BRIEF →
Although the data below contains pictures, output only the lines between those holding "Der Cast der" and "LITA麗塔(魔術方塊-礦紫x桑椹)加大四件式純棉薄被套床包組", inclusive, exactly and without those pictures.

RECORDED DATA →
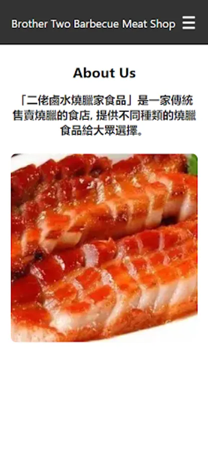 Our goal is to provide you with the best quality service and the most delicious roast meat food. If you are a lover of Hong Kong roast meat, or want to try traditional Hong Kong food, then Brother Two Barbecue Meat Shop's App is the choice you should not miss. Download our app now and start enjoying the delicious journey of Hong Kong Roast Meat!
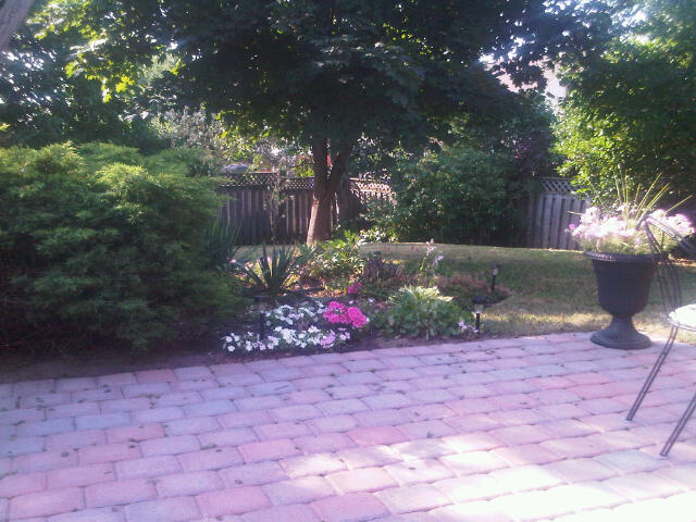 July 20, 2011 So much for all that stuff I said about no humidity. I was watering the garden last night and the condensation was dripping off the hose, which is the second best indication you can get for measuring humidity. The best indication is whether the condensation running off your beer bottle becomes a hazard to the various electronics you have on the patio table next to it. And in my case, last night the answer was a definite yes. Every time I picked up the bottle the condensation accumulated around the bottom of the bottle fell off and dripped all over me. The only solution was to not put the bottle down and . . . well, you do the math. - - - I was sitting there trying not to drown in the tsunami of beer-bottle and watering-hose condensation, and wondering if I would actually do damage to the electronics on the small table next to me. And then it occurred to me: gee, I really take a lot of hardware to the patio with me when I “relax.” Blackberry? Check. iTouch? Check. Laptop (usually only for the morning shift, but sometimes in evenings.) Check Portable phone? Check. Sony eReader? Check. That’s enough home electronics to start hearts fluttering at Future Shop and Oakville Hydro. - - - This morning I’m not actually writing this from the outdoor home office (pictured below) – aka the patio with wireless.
==
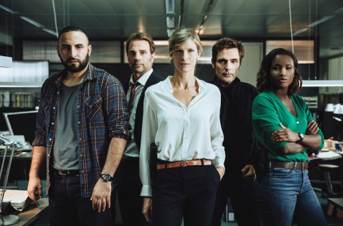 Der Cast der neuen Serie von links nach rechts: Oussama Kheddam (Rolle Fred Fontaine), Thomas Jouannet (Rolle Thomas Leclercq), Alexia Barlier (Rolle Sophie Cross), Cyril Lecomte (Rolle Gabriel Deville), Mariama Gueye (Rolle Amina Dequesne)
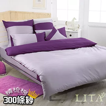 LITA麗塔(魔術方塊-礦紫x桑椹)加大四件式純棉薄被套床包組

RESPONSE BELOW →
 Der Cast der neuen Serie von links nach rechts: Oussama Kheddam (Rolle Fred Fontaine), Thomas Jouannet (Rolle Thomas Leclercq), Alexia Barlier (Rolle Sophie Cross), Cyril Lecomte (Rolle Gabriel Deville), Mariama Gueye (Rolle Amina Dequesne)
 LITA麗塔(魔術方塊-礦紫x桑椹)加大四件式純棉薄被套床包組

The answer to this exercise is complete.